My life was closing in on me. My pocket book was completely bare and so I took to selling clothes to my roommate, all very expensive glorious works of clothing art. I had shopped in all the best places and enjoyed cloths shopping with a passion. However I could no longer fit into some of the items I loved dearly and knew my roommate had quite an eye for.
I asked her if she wanted to go shopping one day and she smiled and said, “my car or yours?”.
” Oh dear one” I said, ” I’ve got a different shopping experience planned for us”. “Turn left down the hallway and open that door, inside you will find a walk-in closet full up of gems you’ve been admiring for sometime now”. She squealed, she ran to the room I occupied and headed for the walk in closet. Inside she enjoyed herself by going through a meticulous and varied selection of jackets (oh how I love a smart jacket), pants, jeans, blouses, tank tops, shoes, even stockings I had not worn in a very long time. Whew… I made rent by her purchases and had extra for the food I was eating way too much of and then some. Gas, gas for leaving this home, going out in the world and finding a job!

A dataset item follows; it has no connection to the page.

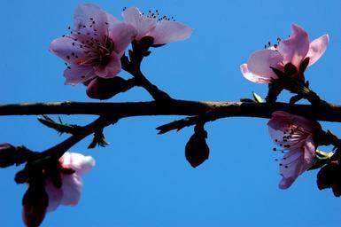 Keywords: plum blossom pink branches blue sky pistil sweet in full bloom

Well now all that could wait, ‘tomorrow tomorrow, there’s always tomorrow’.
The next morning I awoke and completed my daily two minute exercise on really feeling the feelings around hope and understanding who I was. I got up, and instead of going to the living room and turning on the television. I thought to myself, “Oh my it’s been weeks in checking my emails”, how I dreaded doing this, but this morning I felt capable of expanding my world just this much (a thimble full) and sat down to go through what was 800 messages that had not been opened. Oh no, I was not feeling good.
As I deleted/trashed messages I did not want to see nor open, I kept seeing this Redbubble mail and I sat back for a moment and remembered why I had it coming to my mail. I was in my newly finished office and showroom, I had wanted to put up my own art I had photographed of my experiences in India on my walls surrounding me in my office. However, my partner said it was too, well, ethnic. We got into a horrible fight over this as I thought her white bread attitude of work place and art was thinking ‘low’ and ‘unyielding’. After all, I had traveled the world and she had not. I was involved with people from different cultures, she was not. So we came to a place I had not experienced with her before, a place that cut a wide gap of realizing the way she viewed life and work and the way I did.
I opened up the mail from
Redbubble and I began to remember how much I liked viewing the art here. My partner and I had come to an impasse and a compromise as it were; we would buy art that I was not personally involved with.
“Well enough of this reminiscing I thought, go find the way to unsubscribe from this site and delete this horde of Redbubble messages.
That’s when I heard it, a voice so chillingly real and audible I had to stop my finger from hitting delete.
This was the vortex of my nature calling, this was the day that my whole world began to change.